Getting Personal in Public

AIR DATE: Thursday, February 25th 2010

The Moth storytelling series, which includes people telling true stories on stage without notes, traveled to Portland recently and the show sold out in a matter of hours. A glance at Powell's bookshelves will reveal a wide-ranging array of personal stories told in zines, essay collections and full-length books. One of the local bookseller's employees recently added his own narrative to the store's collection.

Just when it seemed like the genre was becoming impossibly oversaturated, Beau Breedlove announced he'll be chronicling his affair with Portland Mayor Sam Adams in a forthcoming book. Some would say Breedlove's motivation for writing his personal story is rooted in greed or an insatiable desire for fame, but what about storytellers with less notoriety? What motivates them to stand up and share intimate details from their personal lives with strangers? What drives people to listen to or read their stories?
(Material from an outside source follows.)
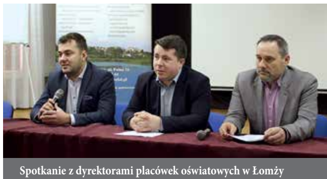
Spotkanie z dyrektorami placówek oświatowych w Łomży

terenie całego kraju stan zagrożenia epidemicznego. - W obliczu światowej epidemii, czy ogłoszonej pandemii najważniejsze słowa to bezpieczeństwo i odpowiedzialność. Jesteśmy zobowiązani do (...) wykonania wszystkich możliwych kroków, żeby bezpieczeństwo Polaków, zdrowotne i pod wszelkimi możliwymi względami było utrzymane

Have you ever shared a personal story in a public way? Why did you do it? How did you feel afterwards? Have you attended a live storytelling event or read a memoir you loved (or hated)? What drew you in? What made you uncomfortable?

GUESTS:

Tagged as: literature · memoir · performance

Photo credit: TheAlieness GiselaGiardino²³ / Creative Commons

would love to hear what local author Cheryl Strayed has to say on this topic re: Torch (fiction teetering on memoir) and her upcoming memoir WILD (which is being billed as the next Eat, Pray, Love)  THANKS.

I think it's all about SHARING.  Reading other people's stories just gives you strength.  Sure, there are plenty of vanity stories wrapped up in memoirs, but the best and most inspirational stories are honest-down-to-earth outpourings. 

I've recently completed a memoir and have published several personal essays. Knowing people are laughing or crying as a result of my writing makes my happy times better, and my sad times more bearable because I know I can share.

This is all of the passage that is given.